The trial commissioner chose to rely on the testimony of Dr. Stutz and entered a decree that denied Jane’s petition for benefits. Jane then appealed this action to the appellate commission. The appellate commission vacated the trial commissioner’s decree because of the commission’s belief that a party to a workers’ compensation dispute may not provide an impartial medical examiner with medical information. According to the commission, the only individual who can furnish relevant information to an impartial medical examiner is the trial commissioner. The commission then went on to make an independent analysis of the record and awarded Jane benefits for partial incapacity.

Before us counsel for the employer’s insurer emphasized that the information was forwarded to Dr. Stutz for the sole purpose of enabling the recipient to gain a better understanding of the issues that were pending before the trial commissioner.

The appellate commission justified its reversal of the denial by relying on Parenteau v. Zimmerman Engineering, Inc., 111 R.I. 68, 299 A.2d 168 (1973). In Parenteau this court, when considering the portion of § 28-35-24 that deals with the authority of a trial commissioner to obtain an opinion from an impartial physician, said,

“In exercising this authority the trial commissioner is implicitly and necessarily invested with powers to furnish such portions of the record as he, in his sound discretion, deems necessary or essential to enable the impartial medical examiner to perform his duty.” Id. at 76-77, 299 A.2d at 173.

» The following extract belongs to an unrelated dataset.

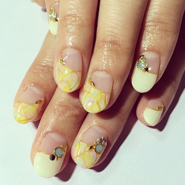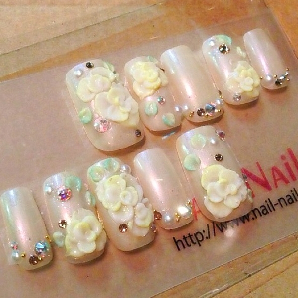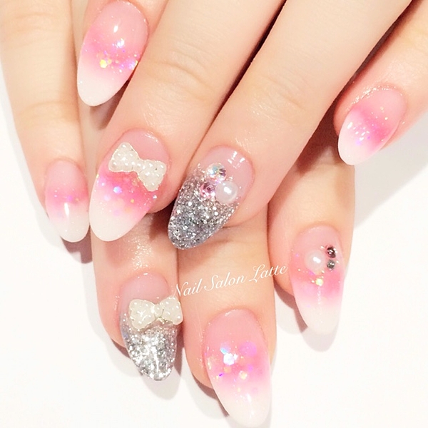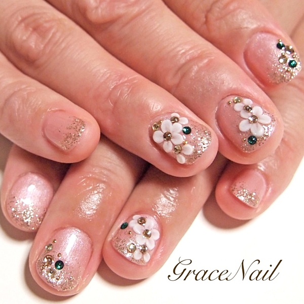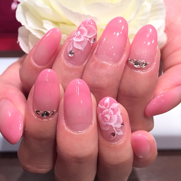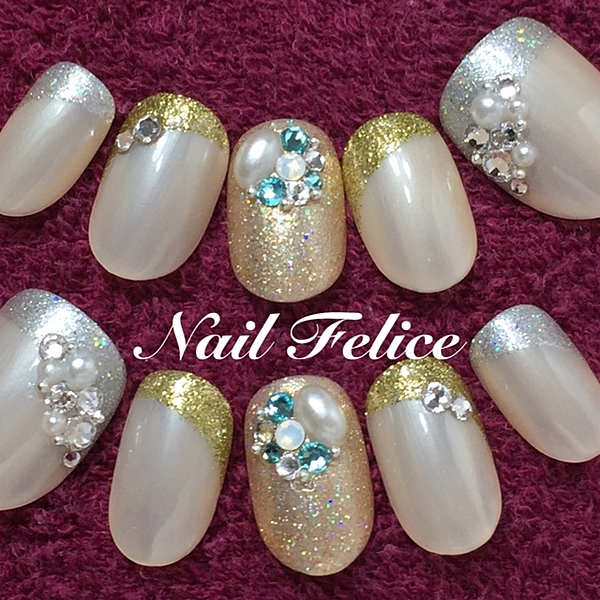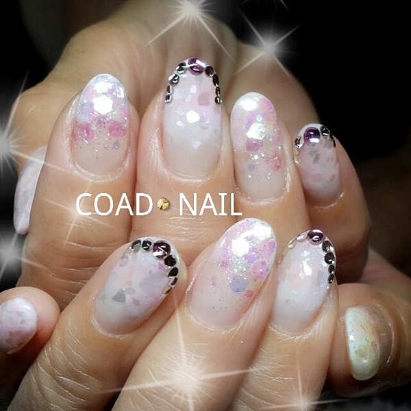 ホワイトのグラデーションに細かいストーンを合わせたデザインです。

However, the issue presented here is whether a party to a workers’ compensation dispute, on its own initiative, can furnish medical information to an impartial examiner. We do not question the good faith of the insurer or its counsel in this situation. The statute is completely silent about whether the trial commissioner is to be the sole individual who can provide information to the designated physician. However, it appears to this court that it would thwart the purpose of appointing an impartial examiner if the parties were allowed to furnish information of their own choosing to the physician. The sole transmitting authority, in our opinion, should be the trial commissioner.

Since Dr. Stutz relied to some degree on documents furnished him by the insurer, we believe that a remand of this dispute would be most appropriate. Hereafter when an impartial examiner has been appointed, the trial commissioner shall schedule a hearing at which time counsel for all parties can appear and offer to the commissioner such information as each may deem pertinent for inclusion with the record that is to be forwarded to the examiner. What data is to be included in the record forwarded to the examiner is an issue that is to be resolved by the trial commissioner.

The employer’s petition for writ of certio-rari is granted, the decree appealed from is vacated, and the case is remanded to the Workers Compensation Commission where a trial commissioner will designate another impartial examiner and permit counsel for the litigants to appear, if they so desire, and submit to the trial commissioner such material as they believe should be subject to the examiner’s scrutiny.